*Data section:*
_ _ _ _ _ _ _

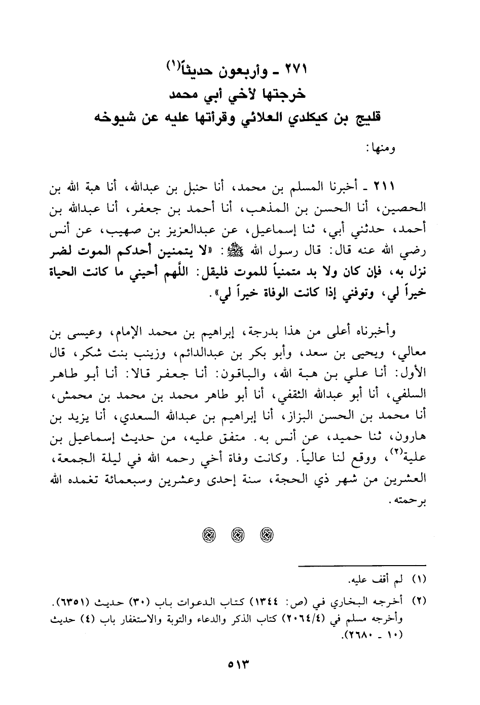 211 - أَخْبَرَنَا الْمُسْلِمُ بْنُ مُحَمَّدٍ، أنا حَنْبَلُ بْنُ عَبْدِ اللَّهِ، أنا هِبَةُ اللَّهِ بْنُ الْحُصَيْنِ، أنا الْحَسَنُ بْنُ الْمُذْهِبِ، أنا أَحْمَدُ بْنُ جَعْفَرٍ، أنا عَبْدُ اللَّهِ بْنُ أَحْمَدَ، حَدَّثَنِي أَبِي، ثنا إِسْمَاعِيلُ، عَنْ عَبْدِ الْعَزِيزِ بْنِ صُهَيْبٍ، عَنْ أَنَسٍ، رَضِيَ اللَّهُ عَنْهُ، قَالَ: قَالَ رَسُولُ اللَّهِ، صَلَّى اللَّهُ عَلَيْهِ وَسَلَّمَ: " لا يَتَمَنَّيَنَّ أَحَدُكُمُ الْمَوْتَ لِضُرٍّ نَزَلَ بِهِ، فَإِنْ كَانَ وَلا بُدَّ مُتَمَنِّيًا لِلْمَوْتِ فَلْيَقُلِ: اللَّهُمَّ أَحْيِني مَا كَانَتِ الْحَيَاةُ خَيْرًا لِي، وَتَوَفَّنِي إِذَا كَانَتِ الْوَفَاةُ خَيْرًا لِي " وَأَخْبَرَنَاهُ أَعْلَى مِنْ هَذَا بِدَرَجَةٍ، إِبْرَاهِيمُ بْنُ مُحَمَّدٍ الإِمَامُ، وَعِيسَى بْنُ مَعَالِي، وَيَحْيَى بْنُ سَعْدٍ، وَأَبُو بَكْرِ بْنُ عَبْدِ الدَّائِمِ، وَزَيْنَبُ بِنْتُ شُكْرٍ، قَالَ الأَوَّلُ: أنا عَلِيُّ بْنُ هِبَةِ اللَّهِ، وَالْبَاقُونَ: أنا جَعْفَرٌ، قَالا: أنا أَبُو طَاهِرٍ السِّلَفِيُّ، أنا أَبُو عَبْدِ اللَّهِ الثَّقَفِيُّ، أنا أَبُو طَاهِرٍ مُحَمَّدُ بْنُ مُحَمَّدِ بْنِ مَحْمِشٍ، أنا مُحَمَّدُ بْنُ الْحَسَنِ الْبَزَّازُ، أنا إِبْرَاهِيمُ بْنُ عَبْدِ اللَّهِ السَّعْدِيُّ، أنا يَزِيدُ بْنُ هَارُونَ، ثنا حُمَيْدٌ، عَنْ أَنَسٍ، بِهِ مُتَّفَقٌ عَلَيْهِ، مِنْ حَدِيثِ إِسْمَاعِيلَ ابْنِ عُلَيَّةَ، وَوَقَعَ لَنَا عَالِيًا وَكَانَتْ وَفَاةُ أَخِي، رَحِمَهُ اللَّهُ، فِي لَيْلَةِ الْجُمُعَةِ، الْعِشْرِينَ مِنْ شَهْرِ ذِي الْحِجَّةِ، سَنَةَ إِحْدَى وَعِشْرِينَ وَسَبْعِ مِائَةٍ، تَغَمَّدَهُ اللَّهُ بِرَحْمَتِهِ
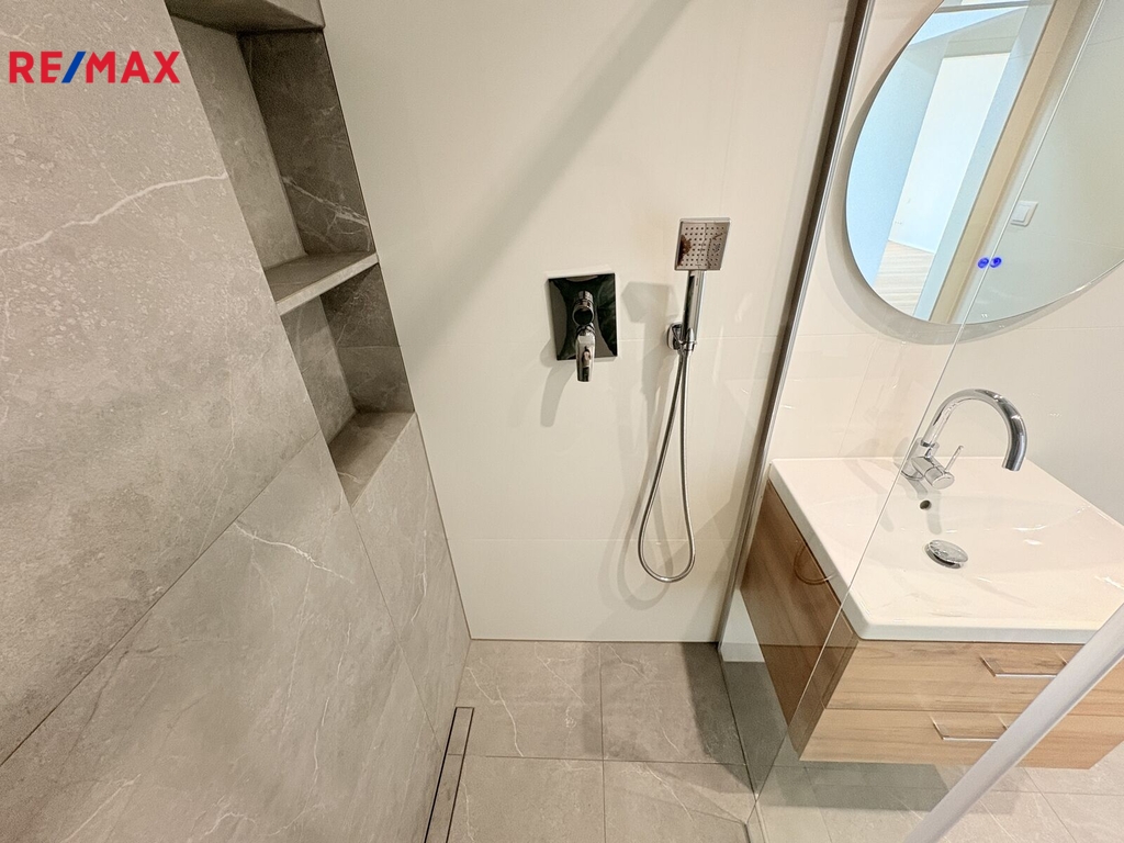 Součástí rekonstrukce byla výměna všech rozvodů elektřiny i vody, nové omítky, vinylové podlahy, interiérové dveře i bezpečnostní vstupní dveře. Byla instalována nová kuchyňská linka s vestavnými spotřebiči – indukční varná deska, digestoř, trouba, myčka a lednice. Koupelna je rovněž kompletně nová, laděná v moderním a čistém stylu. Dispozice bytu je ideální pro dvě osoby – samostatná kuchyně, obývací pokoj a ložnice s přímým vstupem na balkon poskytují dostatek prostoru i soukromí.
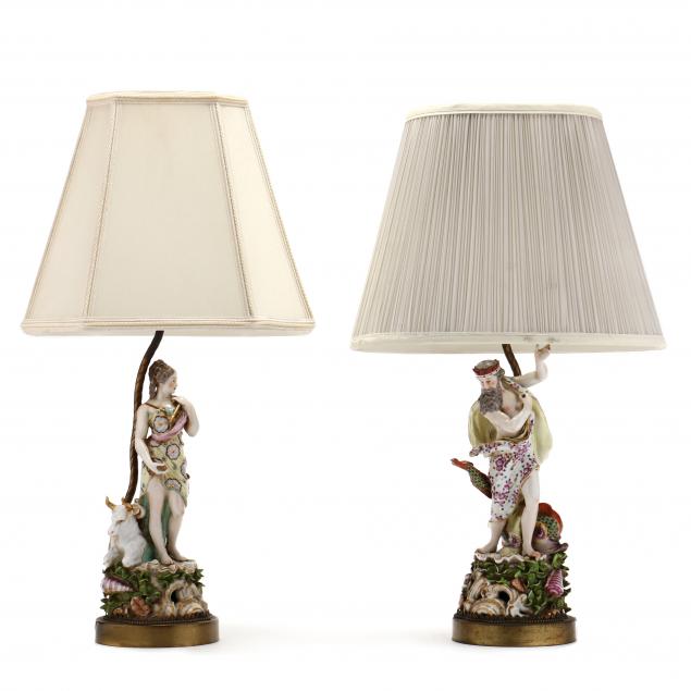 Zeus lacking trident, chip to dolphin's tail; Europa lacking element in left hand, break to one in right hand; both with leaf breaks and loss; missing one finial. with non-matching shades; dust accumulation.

_ _ _ _ _ _ _

*Task instructions:* The response must repeat all the lines above exactly and include no pictures.

*Result of the exercise:*
 211 - أَخْبَرَنَا الْمُسْلِمُ بْنُ مُحَمَّدٍ، أنا حَنْبَلُ بْنُ عَبْدِ اللَّهِ، أنا هِبَةُ اللَّهِ بْنُ الْحُصَيْنِ، أنا الْحَسَنُ بْنُ الْمُذْهِبِ، أنا أَحْمَدُ بْنُ جَعْفَرٍ، أنا عَبْدُ اللَّهِ بْنُ أَحْمَدَ، حَدَّثَنِي أَبِي، ثنا إِسْمَاعِيلُ، عَنْ عَبْدِ الْعَزِيزِ بْنِ صُهَيْبٍ، عَنْ أَنَسٍ، رَضِيَ اللَّهُ عَنْهُ، قَالَ: قَالَ رَسُولُ اللَّهِ، صَلَّى اللَّهُ عَلَيْهِ وَسَلَّمَ: " لا يَتَمَنَّيَنَّ أَحَدُكُمُ الْمَوْتَ لِضُرٍّ نَزَلَ بِهِ، فَإِنْ كَانَ وَلا بُدَّ مُتَمَنِّيًا لِلْمَوْتِ فَلْيَقُلِ: اللَّهُمَّ أَحْيِني مَا كَانَتِ الْحَيَاةُ خَيْرًا لِي، وَتَوَفَّنِي إِذَا كَانَتِ الْوَفَاةُ خَيْرًا لِي " وَأَخْبَرَنَاهُ أَعْلَى مِنْ هَذَا بِدَرَجَةٍ، إِبْرَاهِيمُ بْنُ مُحَمَّدٍ الإِمَامُ، وَعِيسَى بْنُ مَعَالِي، وَيَحْيَى بْنُ سَعْدٍ، وَأَبُو بَكْرِ بْنُ عَبْدِ الدَّائِمِ، وَزَيْنَبُ بِنْتُ شُكْرٍ، قَالَ الأَوَّلُ: أنا عَلِيُّ بْنُ هِبَةِ اللَّهِ، وَالْبَاقُونَ: أنا جَعْفَرٌ، قَالا: أنا أَبُو طَاهِرٍ السِّلَفِيُّ، أنا أَبُو عَبْدِ اللَّهِ الثَّقَفِيُّ، أنا أَبُو طَاهِرٍ مُحَمَّدُ بْنُ مُحَمَّدِ بْنِ مَحْمِشٍ، أنا مُحَمَّدُ بْنُ الْحَسَنِ الْبَزَّازُ، أنا إِبْرَاهِيمُ بْنُ عَبْدِ اللَّهِ السَّعْدِيُّ، أنا يَزِيدُ بْنُ هَارُونَ، ثنا حُمَيْدٌ، عَنْ أَنَسٍ، بِهِ مُتَّفَقٌ عَلَيْهِ، مِنْ حَدِيثِ إِسْمَاعِيلَ ابْنِ عُلَيَّةَ، وَوَقَعَ لَنَا عَالِيًا وَكَانَتْ وَفَاةُ أَخِي، رَحِمَهُ اللَّهُ، فِي لَيْلَةِ الْجُمُعَةِ، الْعِشْرِينَ مِنْ شَهْرِ ذِي الْحِجَّةِ، سَنَةَ إِحْدَى وَعِشْرِينَ وَسَبْعِ مِائَةٍ، تَغَمَّدَهُ اللَّهُ بِرَحْمَتِهِ
 Součástí rekonstrukce byla výměna všech rozvodů elektřiny i vody, nové omítky, vinylové podlahy, interiérové dveře i bezpečnostní vstupní dveře. Byla instalována nová kuchyňská linka s vestavnými spotřebiči – indukční varná deska, digestoř, trouba, myčka a lednice. Koupelna je rovněž kompletně nová, laděná v moderním a čistém stylu. Dispozice bytu je ideální pro dvě osoby – samostatná kuchyně, obývací pokoj a ložnice s přímým vstupem na balkon poskytují dostatek prostoru i soukromí.
 Zeus lacking trident, chip to dolphin's tail; Europa lacking element in left hand, break to one in right hand; both with leaf breaks and loss; missing one finial. with non-matching shades; dust accumulation.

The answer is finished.